Sebregts: “I totally agree. Scientists within companies have often trained themselves in the practical side of their profession and less in the fundamental and theoretical aspects of it. That means that scientists within companies and universities complement each other. What is important is that the energy transition consists of many partial solutions. In the social debate, we now often see parties that are on the path of one partial solution, and that they are sometimes actively fighting the other partial solution. different companies, different universities, different authorities, each with their own perspective. Then you are talking about the whole and a broader support for a combination of those partial solutions arises. ”
Van Praag: “And what we should also not forget is that many companies are also created from scientific research. We have a nursery here for companies like that. Startups like Climecs and Veridis Instruments are the result of research, which is very nice. ”
You have already put this collaboration between science and industry into practice on many occasions. So are you in May, also with the University of Leiden, started an R&D collaboration in the field of quantum computing. What are the do’s and don’ts of such a collaboration?

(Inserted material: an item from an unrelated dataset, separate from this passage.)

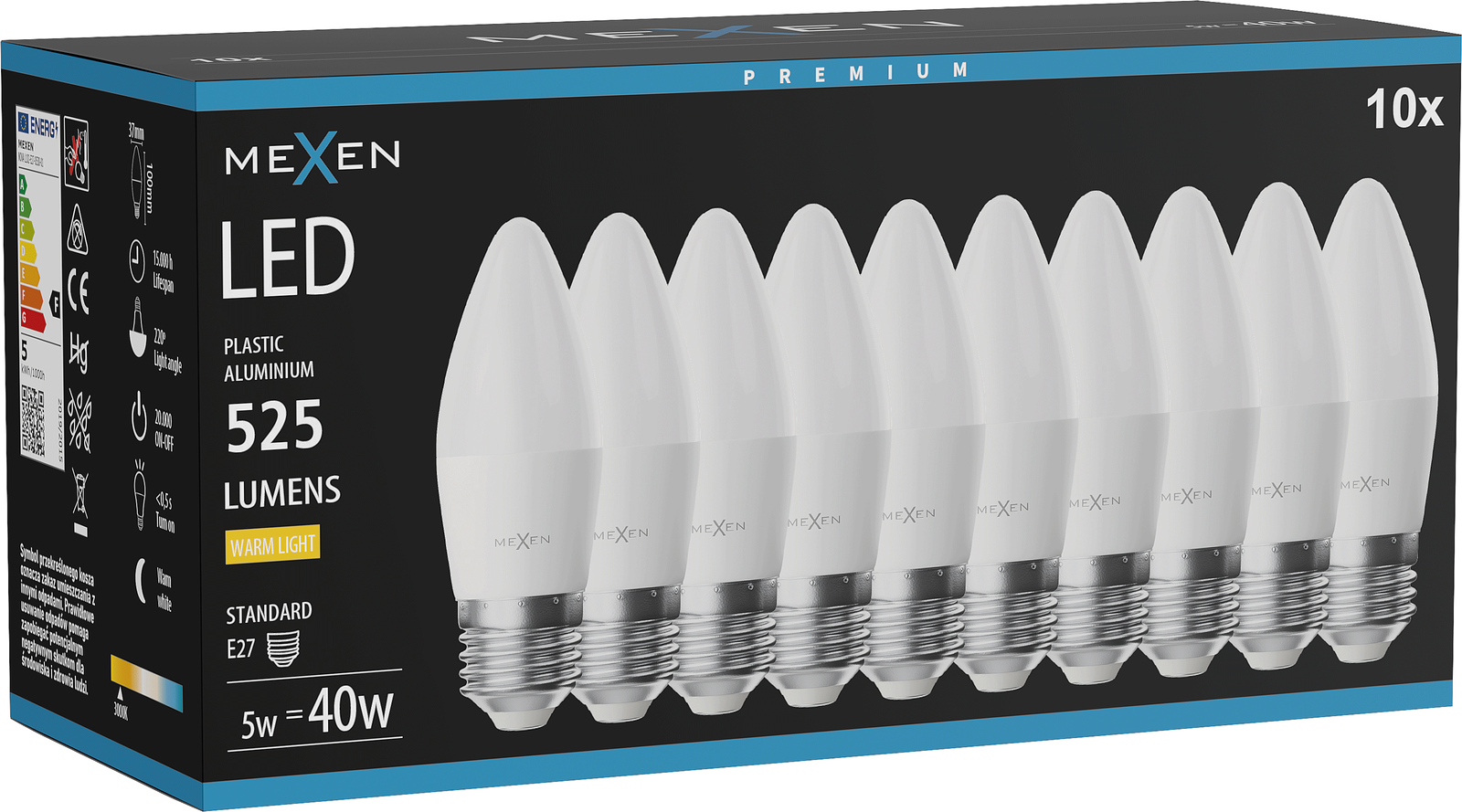 Mexen Nova 10x LED lemputė E27, C37, 5W, Šilta - 3000K, 525 lm - L102-E27-0530-01x10

Sebregts : “There is sometimes fear among the constituencies of the various parties. Fear of the loss of academic freedom. Should you use science for commercial purposes? Companies are sometimes afraid of losing their intellectual property, or fear that information will leak to the competitor. We must take all these concerns seriously, but they must not lead to a transactional collaboration that really stands in the way of action. I still find that a challenge. Mirjam, do you have ideas about how we can address concerns, but not make them a bottleneck?
“Yuri, would you like to look at how we can bring about a relational cooperation in the field of the energy transition?”
Van Praag: “As far as I am concerned, this fear of diminished scientific independence is not necessary. One of the reasons why companies want to cooperate with science is precisely that independence. It is in everyone’s interest that we remain independent. Yuri, would you like to further to this conversation, to look again at how we can achieve such a non-transactional, but a relational cooperation in the field of the energy transition? ”
Sebregts: “Absolutely. It is a challenge that I am aware that I have to tackle at my level.”
Van Praag: “Yes, me too.”
Sebregts: “And then we also have to keep our back straight if there is any doubt about it somewhere else in the organization. Because without these kinds of collaborations we simply cannot get through these kinds of big files. So absolutely, with this one. Promise!”
Text: Mirjam Streefkerk
The interview with Mirjam van Praag and Yuri Sebregts is part 4 in the Board Talk series. In this series we talk with Board members about the biggest challenges for the Amsterdam metropolis. A region which offers healthy, sustainable living, responsible digitalisation and meaningful work for everyone. These are also the most important themes for the Amsterdam Economic Board. Read more interviews in the Board Talk series.
What the Board is doing within the energy transition
- With our initiative LEAP we are at the beginning of impactful changes in the data center chain. Would you like to join the LEAP coalition and participate in a pilot, please contact: Marjolein Bot .
- In the context of the corona crisis, the Board is working on economic recovery with respect for the climate challenge. Read here how we do that.